Prime Minister David Cameron with Michel Temer, Vice-President of Brazil, Football legend Pele and Olympic double gold medallist Mo Farah at the Olympic hunger summit in Downing Street, 12 August 2012

For many years it has been understood that three different factors contribute to malnutrition in poor populations – a lack of nutritious foods, diseases, such as diarrhoeal disease in infants, and a lack of care.  While we associate agriculture most closely with the first, agricultural practices may also contribute to disease, as livestock and humans share many similar pathogens, while the role which women play in providing agricultural labour may compete with the care of infants.  However, most efforts by agricultural researchers to address malnutrition have focused on improving food production, and specifically the supply of calories to populations, by improving yields of high energy crops like cereals.  Meanwhile, in the health sector, nutritionists have been focusing on identifying and delivering the right set of nutrients to malnourished populations, through food supplementation and fortification of staple energy foods with key micronutrients like vitamin A, zinc and iron.
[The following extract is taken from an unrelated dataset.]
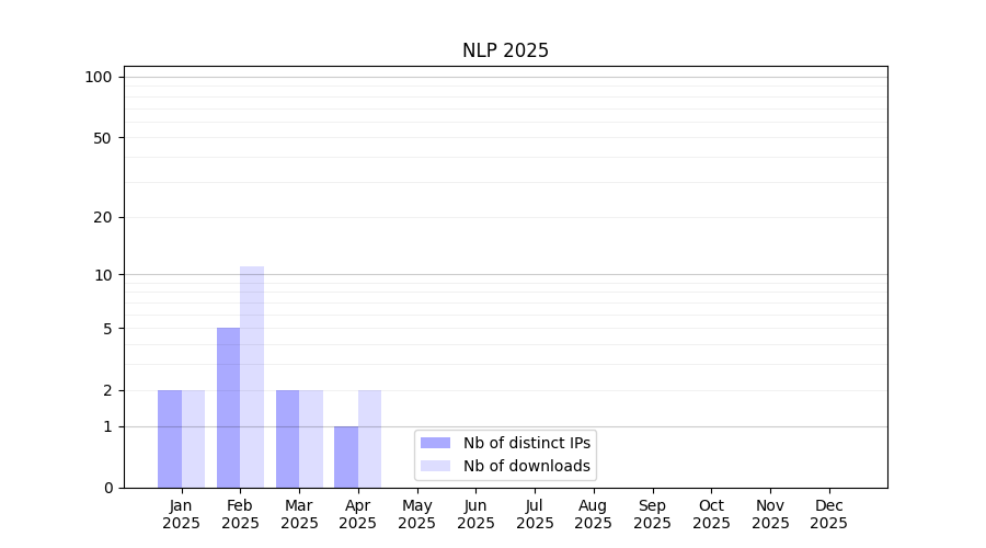 Number of downloads for software package NLP, year by year, from 2025 back to 2014 (years with no downloads are omitted):
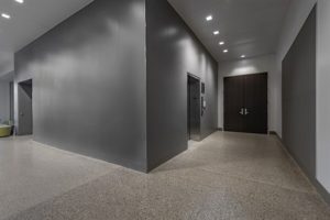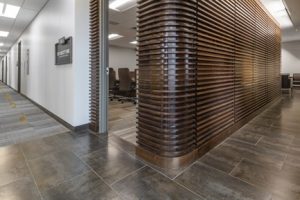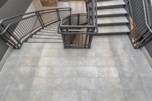 An expansive atrium anchors the building and walls are covered with 600 gauged porcelain panels (GPTP) in a 3.5 mm thickness. The material specified was Daltile’s SlimLite Classic Smoke, a 39 x 118-inch format. One of the challenges on the project was creating vertical courses with the panels to the height in the atrium and stairwells. As required by ANSI A108.19, crews and foremen received specialized training in use of the tools and methods required to successfully handle and install these demanding tile panels.

It is now clear that addressing malnutrition cannot be achieved with these specific interventions alone, and we must turn back to agriculture to ensure that the diet of the poor is not only sufficient in calories, but nutritious as well.  In principle, this is possible: pulses, vegetable, fruits and animal products are rich in micronutrients, and even cereal crops can be bred for greater nutritional value. But agricultural and health research directed at malnutrition has been separated and isolated for many years, as has the policy built on its results. Bringing these communities together around a common objective will be challenging. It will require finding a common approach and methods to understand how agricultural interventions affect health.  The cross-sectoral and multidisciplinary Leverhulme Centre for Integrative Research on Agriculture and Health (LCIRAH) was established for this purpose.
In the past few years, we have seen a dramatic growth in research on agriculture for improved nutrition.  An analysis just completed by LCIRAH for the UK Department for International Development (DFID), found 150 current research projects on this problem.  Many of these projects are aimed at increasing the nutritional value of specific nutritious foods, like maize, sweet potato and sorghum, by improved breeding. Others are aimed at diversifying local agriculture, by including more vegetable, fish, milk or meat production through homestead gardens or keeping livestock.  While some of these projects actually bring together agriculture and health researchers to develop the research projects, most still represent just agricultural innovations designed with an expectation of improving nutrition, but no means to measure this.  So that is a challenge for the future.
We also found that current research is firmly focused on the rural poor, who are themselves mostly farming households, and their own food production and consumption.  This bias reflects appropriately the distribution of poverty, but increasingly the poor in low income countries will be living in urban areas, where their food and nutrition is delivered through markets and longer food chains which are often poorly stocked in perishable sources of micronutrients like vegetables and animal products. In urban areas we are also seeing a dietary transition, from traditional to more energy dense, micronutrient-poor foods, often processed,  which is causing malnutrition of a different kinds, and contributing to chronic disease amongst the poor.  Improving agriculture for nutrition will need therefore to address challenges not only of production but of access and affordability of nutritious foods for rural and urban populations.
Contributed by Prof. Jeff Waage, Director, LIDC


Responses

  1. Reblogged this on nyalugwe.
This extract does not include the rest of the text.